The mechanisms linking SOM composition and microbial community structure are poorly understood. It is now thought that the organic matter that is cycled by soil microbes is a complex mixture of microbial metabolites15,16 that can be characterized in detail using soil metabolomics17,18. The composition of these exometabolites has a strong impact on community structure, and in turn, these microbes impact the metabolite pool. For example, in some cases, resource competition can reduce microbial diversity through competitive exclusion, whereas cross-feeding can increase microbial diversity. On the other hand, rich sources of SOM may promote microbial diversity through niche divergence19 and exometabolite niche partitioning20.

Exometabolomics enables direct examination of how microbes transform the small molecule metabolites within their environment, providing new insights into resource competition and cross-feeding21. For this approach, microbes (typically isolates) are cultured in an environmentally-relevant mixture of metabolites and then spent media is profiled to determine the uptake and release of metabolites. Recently, exometabolomics was used to study resource partitioning among sympatric biocrust isolates using complex biocrust-relevant media20. This revealed a high degree of substrate specialization, where 13–26% of the detected metabolites were consumed by individual isolates. As microorganisms from diverse taxa continue to be cultivated and examined, this approach holds substantial potential to provide valuable phenotypic information that can link community structure to SOM composition.

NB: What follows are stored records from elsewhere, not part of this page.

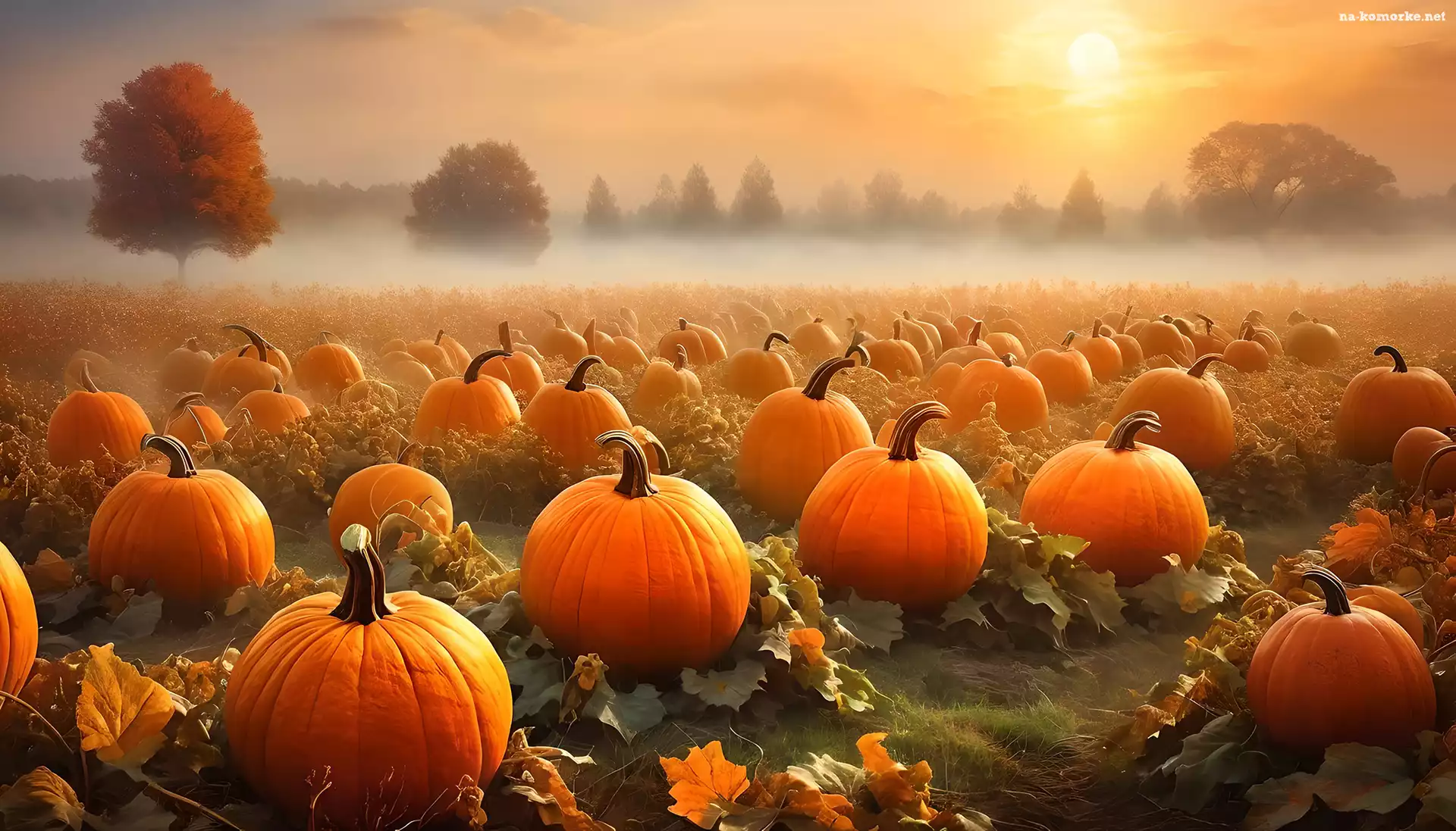 Dynie, Mgła, Drzewa, Pole, Grafika na Komórkę
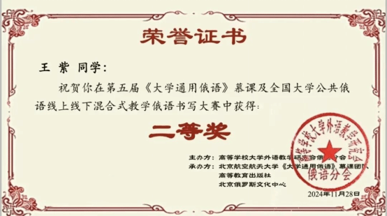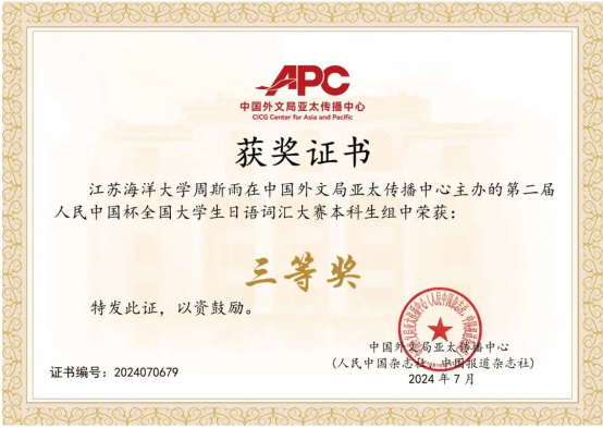 人民中国杯全国大学生日语词汇大赛本科生组三等奖
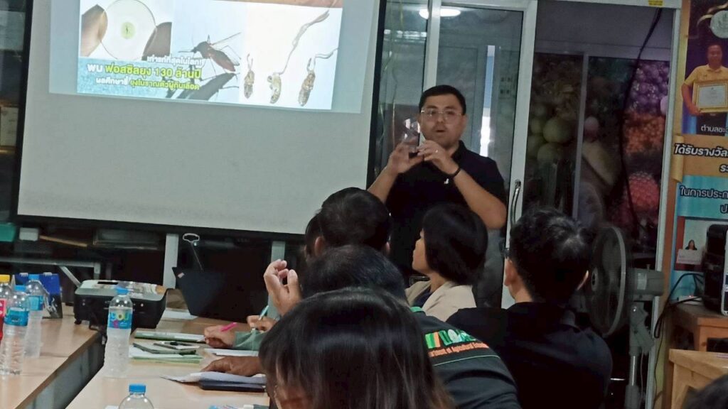 วันศุกร์ที่ 26 ธันวาคม พ.ศ. 2568 นายชาญชัย โฉมงาม เกษตรอำเภอดอนพุด มอบหมายให้ นางสาวปาริชาต สรีใส นักวิชาการส่งเสริมการเกษตรชำนาญการ เข้าร่วมโครงการส่งเสริมการจัดการสุขภาพพืชเพื่อเพิ่มประสิทธิภาพการผลิตสินค้าเกษตร กิจกรรม ติดตาม ประเมิน และรองรับการเผชิญเหตุการณ์ การระบาดของศัตรูพืช กิจกรรมสนับสนุนการวินิจฉัยและการจัดการศัตรูพืช เพื่ออบรมเรียนรู้ การวินิจฉัยศัตรูพืชเบื้องต้น การจำแนกศัตรูพืช ศัตรูธรรมชาติ การสุ่มสำรวจประเมินพื้นที่ระบาด รวมถึงการเรียนรู้ เรื่องการสาธิตการผลิต ชีวภัณฑ์ (เห็ดเรืองแสงสิรินรัศมี) พร้อมประเมินสถานการณ์การระบาดศัตรูพืช และวางแผนรับมือสถานการณ์การระบาดที่อาจเกิดขึ้น โดยมีวิทยากรจากศูนย์ส่งเสริมเทคโนโลยีการเกษตรด้านอารักขาพืช จังหวัดชัยนาท ณ วิสาหกิจชุมชนท่องเที่ยวเกษตรเชิงอนุรักษ์ชะอม จังหวัดสระบุรี

Here we exploited the dynamic and tractable characteristics of biocrust to explore the relationships between soil microbes and metabolites for this particular ecosystem after a laboratory-based wetting event. Liquid chromatography-mass spectrometry (LC/MS) soil metabolomics was used to characterize the dynamic metabolite composition of the biocrust soil water and shotgun metagenomic sequencing was used to measure single copy gene markers of the dominant taxa. We then determined the extent to which isolate exometabolite patterns are conserved in situ (within the intact biocrust soil community). While the comparison of a microbe in isolation and in an environmental system is challenging, isolate exometabolomics were performed with media supplemented with lysed cell metabolite extracts to simulate the biocrust environment20. Our findings reveal significant agreement between isolate exometabolomics and in situ microbe–metabolite relationships for dominant taxa in biocrust. To the best of our knowledge, this is the first study using isolate exometabolomics to link microbial community structure to soil chemistry.


Experimental setup

Correlation analyses between microbes and metabolites were facilitated by monitoring biocrust samples across two variables: laboratory-based wetting and ecological succession (Fig. 1a). Four successional stages of biocrust were used, ranging from early/ young (labeled as ‘level A’) to late/ mature (labeled as ‘level D’) (Supplementary Fig. 1). We then compared our current results with previous laboratory-derived knowledge of substrate preferences for four dominant microorganisms by relating the abundance of these bacteria to soil metabolites measured in the intact biocrust system (Fig. 1b). In situ, the general assumption is that as a particular microbe grows and increases in abundance in a community, consumed metabolites will decrease and display a negative-correlation relationship. Conversely, metabolites that are known to be released by a microbe are predicted to concurrently increase and display a positive-correlation relationship with growth (Fig. 1b).

Fig. 1
figure 1

Experimental workflow and biocrust microbe–metabolite relationship predictions. a Biocrust wetup metabolomics and metagenomics experimental setup and analysis. To study microbe–metabolite relationships in situ, biocrusts from four successional stages were wetup and sampled at five time points (total n = 100). Biocrust soil water was removed and analyzed by liquid chromatography/ mass spectrometry (n = 5 for each group) and biocrust DNA was extracted for shotgun sequencing (n = 1 for each group). Metagenome-estimated genome and metabolite abundances were analyzed through Spearman rank correlations to determine microbe–metabolite relationships and compared to the expected relationships based on isolate exometabolomic studies. b Exometabolomics-based in situ microbe–metabolite relationship prediction. The hypothesis is that isolate exometabolomics can be used to predict microbe–metabolite patterns in situ based on microbial abundance: Across wetting and successional stages, microbes change in abundance and negatively correlate with metabolites that they consume and positively correlate with metabolites that they release (metabolites are indicated by dotted lines)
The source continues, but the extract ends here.